The response should reproduce exactly the lines from the top of the listing below through the one that contains "ロープに振る、高梨ブロック、", and nothing else; pictures do not belong in it.
** Opening MATERIAL PROVIDED block **
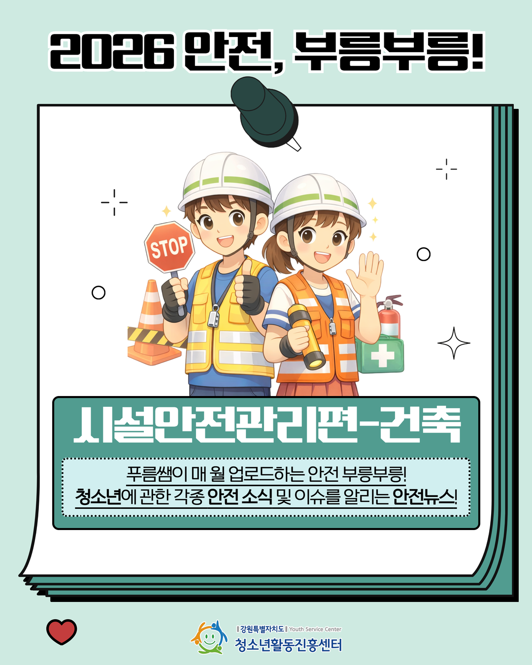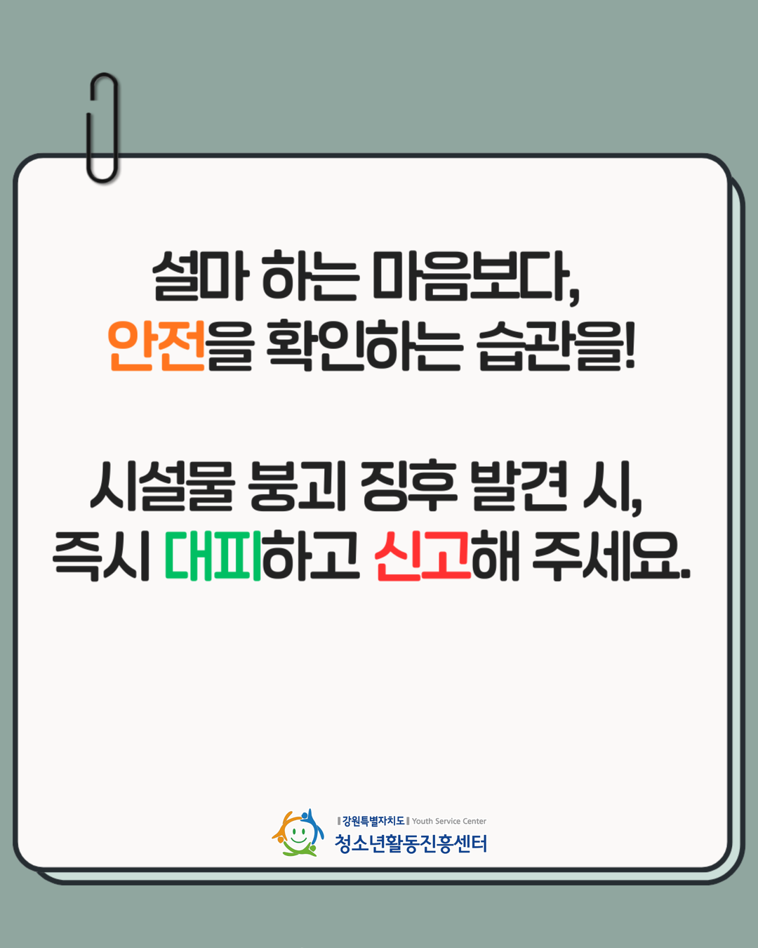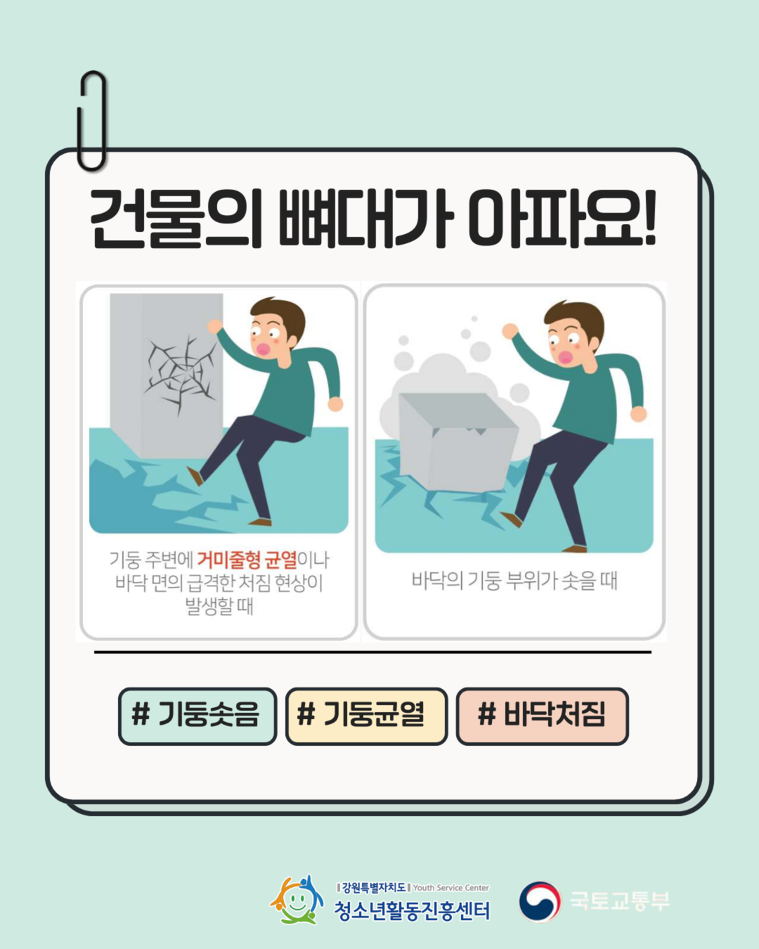 지속가능(SDGs)한 청소년활동, 강원을 물들이다.안녕하세요! 강원특별자치도청소년활동진흥센터입니다😊1️⃣ 바닥이 갈라지거나 푹 꺼질 때2️⃣ 문이 갑자기 안 열리거나 뒤틀릴 때3️⃣ 기둥에 거미줄 같은 금이 갈 때4️⃣ 타는 냄새나 정체모를 바람이 불 때5️⃣ '팍' 하는 폭발음이나 끊어지는 소리가 들릴 때이런 징후를 발견했다면?망설이지 말고 즉시 대피! 그리고 119 신고!
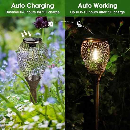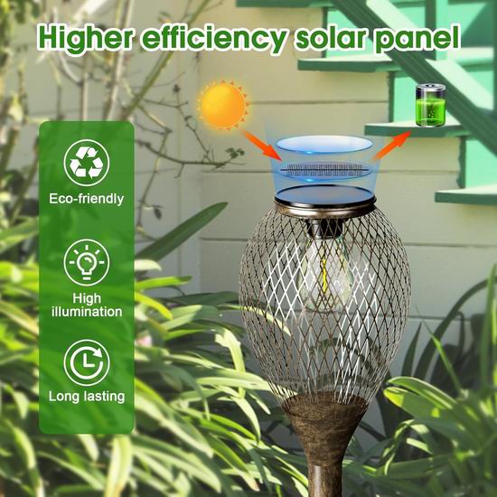 这款升级版太阳能景观灯采用复古的古铜色金属外壳,配有独特的复古灯丝灯泡和坚固的灯杆,材料持久耐用。镂空金属编织的灯罩不仅增强了灯光效果,还防止了积水和起雾的困扰。它是装饰花园、草坪、小径或庭院的理想选择,提供柔和温暖的光线,营造出完美的氛围。该太阳能灯通过升级的多晶太阳能电池板供电,具备高达22%的转换率,在阳光充足的条件下充满电后,能够整夜为您的户外空间提供照明。
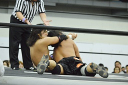 ロープに振る、高梨ブロック、バック取ってエビ固め(右写真)、カウント2。KUDOにタッチ。
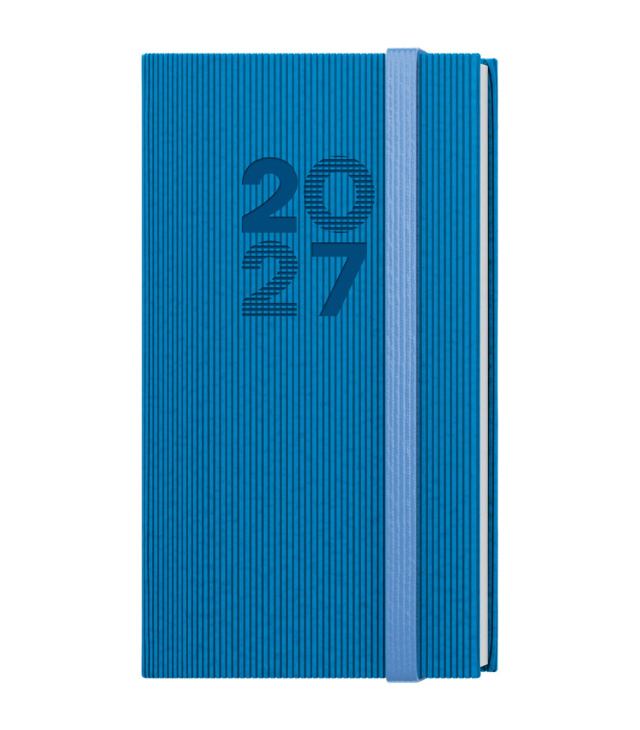 Diář týdenní kapesní -Jakub - Vigo - modrá, modrá 2027, Kalendárium: měsíční fáze, roční období, letní a zimní čas, znamení zvěrokruhu, řádkový přehled 2 měsíců, dny a měsíce v 4 jazycích - CS, SK, EN, DE, mezinárodní svátky: CZ, SK, A, D, PL, H, GB, E, F, I, UA; Informační stránky: osobní údaje, přehledný kalendář aktuálního roku a následujícího roku, měsíční plánování aktuálního roku, plán dovolených aktuálního roku, jmenný seznam CZ/SK, mezinárodní svátky, roční plánovací kalendář CZ aktuálního roku, místo pro poznámky; Popis: Kapesní týdenní diář v modré barvě ze strukturovaného materiálu a s gumičkou. Jednoduchost, která neomrzí. Moderní doplněk do každé kapsy. Diář má velký prostor pro poznámky a plánování. s kalendáriem CZ, SK, EN, DE; české a slovenské týdenní jmenné /CZ + SK weekly/CZ + SK wöchentlich
** Closing MATERIAL PROVIDED block **
## RESULT
 지속가능(SDGs)한 청소년활동, 강원을 물들이다.안녕하세요! 강원특별자치도청소년활동진흥센터입니다😊1️⃣ 바닥이 갈라지거나 푹 꺼질 때2️⃣ 문이 갑자기 안 열리거나 뒤틀릴 때3️⃣ 기둥에 거미줄 같은 금이 갈 때4️⃣ 타는 냄새나 정체모를 바람이 불 때5️⃣ '팍' 하는 폭발음이나 끊어지는 소리가 들릴 때이런 징후를 발견했다면?망설이지 말고 즉시 대피! 그리고 119 신고!
 这款升级版太阳能景观灯采用复古的古铜色金属外壳,配有独特的复古灯丝灯泡和坚固的灯杆,材料持久耐用。镂空金属编织的灯罩不仅增强了灯光效果,还防止了积水和起雾的困扰。它是装饰花园、草坪、小径或庭院的理想选择,提供柔和温暖的光线,营造出完美的氛围。该太阳能灯通过升级的多晶太阳能电池板供电,具备高达22%的转换率,在阳光充足的条件下充满电后,能够整夜为您的户外空间提供照明。
 ロープに振る、高梨ブロック、バック取ってエビ固め(右写真)、カウント2。KUDOにタッチ。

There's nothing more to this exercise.